At its core, Bayesian inference is about updating our beliefs about a hidden variable given observed data. Imagine we have a dataset $x$ and we believe it was generated by some hidden, latent variable $z$. Our goal is to find the posterior distribution $p(z|x)$, which tells us the probability of the latent variable given the data. According to Bayes' Theorem, this is expressed as: $$p(z|x) = \frac{p(x|z)p(z)}{p(x)}$$. However, in complex generative models, the denominator $p(x) = \\∈t p(x|z)p(z) dz$, known as the evidence, is computationally intractable because it requires integrating over all possible configurations of $z$.
Since we cannot compute the true posterior $p(z|x)$ exactly, we turn to Variational Inference. Instead of calculating the true distribution, we introduce a simpler, parameterized distribution $q_{\phi}(z|x)$—often a Gaussian—and try to make it as similar as possible to the true posterior. We measure the 'similarity' between these two distributions using the Kullback-Leibler (KL) divergence. Our objective is to minimize $KL(q_{\phi}(z|x) || p(z|x))$, effectively transforming an inference problem into an optimization problem over the parameters $\phi$.
To derive a workable loss function, we analyze the log-likelihood of the data $\log p(x)$. Through algebraic manipulation, we can decompose this log-likelihood into two parts: the Evidence Lower Bound (ELBO) and the KL divergence. Specifically: $\log p(x) = ELBO(\phi, \theta; x) + KL(q_{\phi}(z|x) || p(z|x))$. Because the KL divergence is always non-negative, the ELBO serves as a lower bound on the log-likelihood of the data. Maximizing the ELBO is equivalent to minimizing the KL divergence to the true posterior, which is why the ELBO is the central objective function of the Variational Autoencoder.

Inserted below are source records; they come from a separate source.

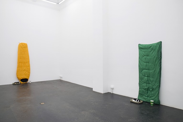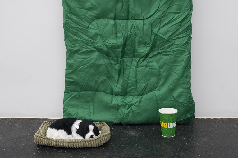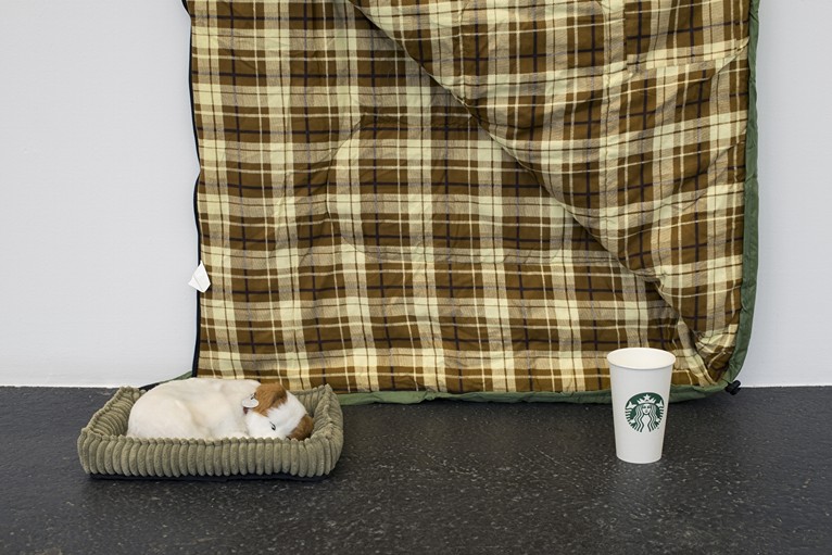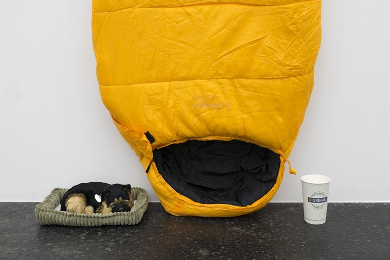 The artist’s own term for the restricted vocabulary of elements adopted in his Lap Gods series is that of an ‘economy.’ In these circumstances the meaning of his phrasing is twofold, in that what is formally economical about these works –a tripartite arrangement of sleeping bag, coffee cup and mechanically breathing toy dog– can obviously also be interpreted in relation to a range of global economic factors. Here, brands such as Greggs, Café Nero and Starbucks act as stand-ins for the cultural dynamic of a UK high street, post Brexit. The plush lap-dogs are arguably a specific nod to Farquhar’s native Edinburgh: an urban environment where the mechanics of social exclusion act in tandem with a highly sentimentalised, heritage-oriented worldview.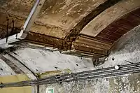 After the station was closed it was almost immediately modified. The western headwalls of both platform tunnels were rebuilt to allow a step plate junction to be installed,[n 4] providing access from the eastbound and westbound tunnels to a new siding located between Down Street and Hyde Park Corner. The siding is mainly used to reverse westbound trains, but could also be used for servicing trains. The siding tunnel is accessible at its western end through a small foot tunnel constructed from Hyde Park Corner station.[8] The lifts were removed and the shafts adapted to provide additional tunnel ventilation.[9]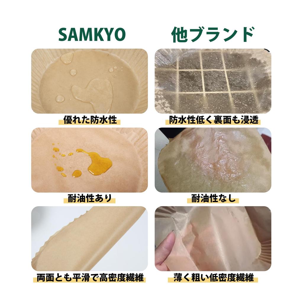 [Водо-, масло- и термостойкая] Бумага для фритюрницы должна обладать высокой термостойкостью, водостойкостью и маслостойкостью.. Бумага для фритюрницы SAMKYO выдерживает температуру до 220 градусов по Цельсию, не ограничивает циркуляцию горячего воздуха внутри фритюрницы и не увеличивает значительно время приготовления.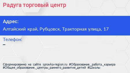 Радуга, торговый центр по адресу Алтайский край, Рубцовск, Тракторная улица, 17 в дальнейшем Организация, размещена в следующих категориях: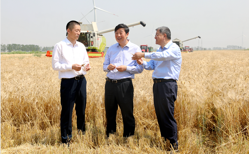 胡兆辉先后查看了黄海门户公园、林业苗木基地、新建烘干线项目建设现场、大麦收割现场和整地作业现场,听取情况汇报,每到一处都亲切慰问奋战生产一线的员工。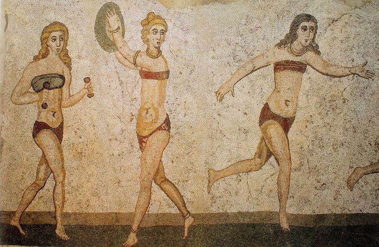 Εικονογραφήσεις γυναικών που φορούσαν ρούχα που μοιάζουν με μπικίνι κατά τη διάρκεια αγωνισμάτων στη ρωμαϊκή εποχή έχουν βρεθεί σε πολλές τοποθεσίες, με πιο γνωστή τη Villa Romana del Casale. Μόλις τρία χιλιόμετρα από την πόλη Piazza Armerina της Σικελίας βρίσκονται τα εκτεταμένα ερείπια μιας μεγάλης ρωμαϊκής βίλας, που ονομάζεται Villa Romana del Casale. Χρονολογείται στις αρχές του τέταρτου αιώνα μ.Χ. και περιέχει μια από τις μεγαλύτερες συλλογές αρχαίων ρωμαϊκών ψηφιδωτών οπουδήποτε. Έχει περιληφθεί στα Μνημεία Παγκόσμιας Κληρονομιάς της UNESCO.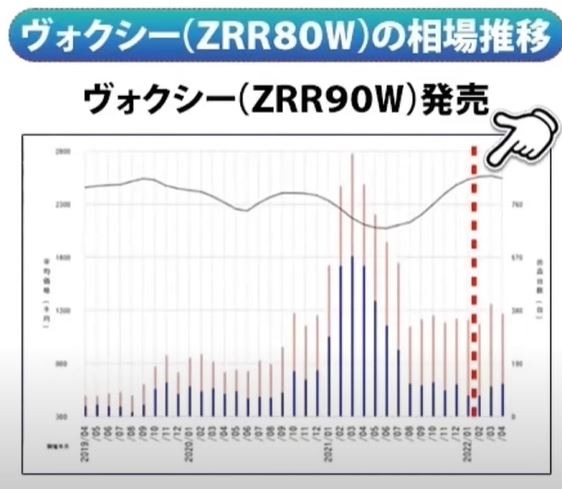 なんと、90ノア・VOXYの発売日には、過去2年で最高値を付けています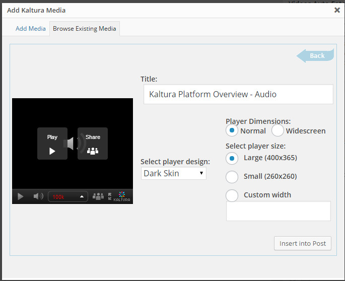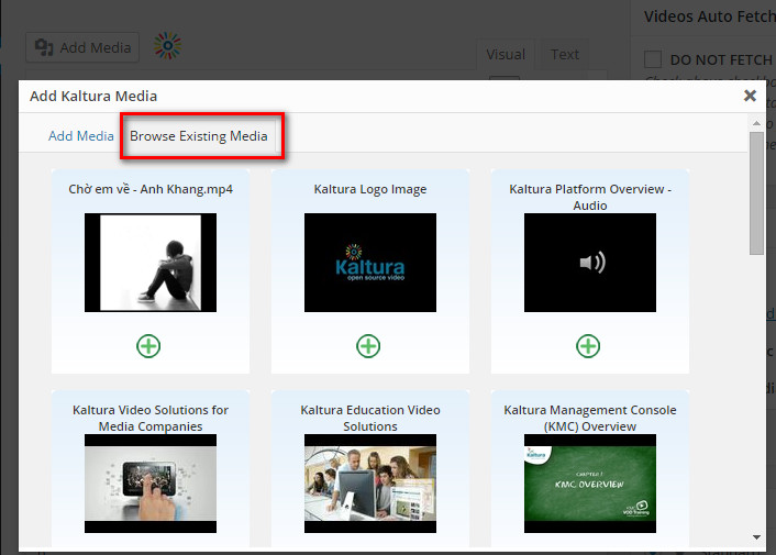 When the window Add Kaltura Media is appeared, choose tab Browse Existing Media to see the list of medias in your account

Mathematically, the ELBO is formulated as: $$ELBO(\phi, \theta; x) = \mathbb{E}_{q_{\phi}(z|x)}[\log p_{\theta}(x|z)] - KL(q_{\phi}(z|x) || p(z))$. The first term, the reconstruction term, encourages the model to decode the latent variable $z$ back into the original input $x$ with high probability. The second term, the regularization term, forces the approximate posterior $q_{\phi}(z|x)$ to remain close to a prior distribution $p(z)$, typically a standard normal distribution $\mathcal{N}(0, I)$. This prevents the model from simply assigning a unique point in space to every single input, thereby ensuring a smooth and continuous latent space.
A primary challenge in optimizing the ELBO is the presence of the expectation $\mathbb{E}_{q_{\phi}(z|x)}$. We cannot backpropagate through a random sampling process because sampling is non-differentiable. To solve this, VAEs employ the 'reparameterization trick'. Instead of sampling $z$ directly from $\mathcal{N}(\mu, \sigma^2)$, we sample a noise variable $\epsilon$ from a standard normal distribution $\mathcal{N}(0, I)$ and compute $z = \mu + \sigma \odot \epsilon$. This shifts the stochasticity to an external input, allowing gradients to flow back through $\mu$ and $\sigma$ to the encoder network parameters $\phi$.
In summary, the VAE architecture consists of an encoder that outputs the parameters of $q_{\phi}(z|x)$ and a decoder that represents $p_{\theta}(x|z)$. By maximizing the ELBO, we simultaneously learn how to compress data into a meaningful latent representation and how to generate new data from that representation. The balance between the reconstruction accuracy and the KL regularization ensures that the latent space is well-structured, enabling the generative capabilities that distinguish VAEs from traditional autoencoders.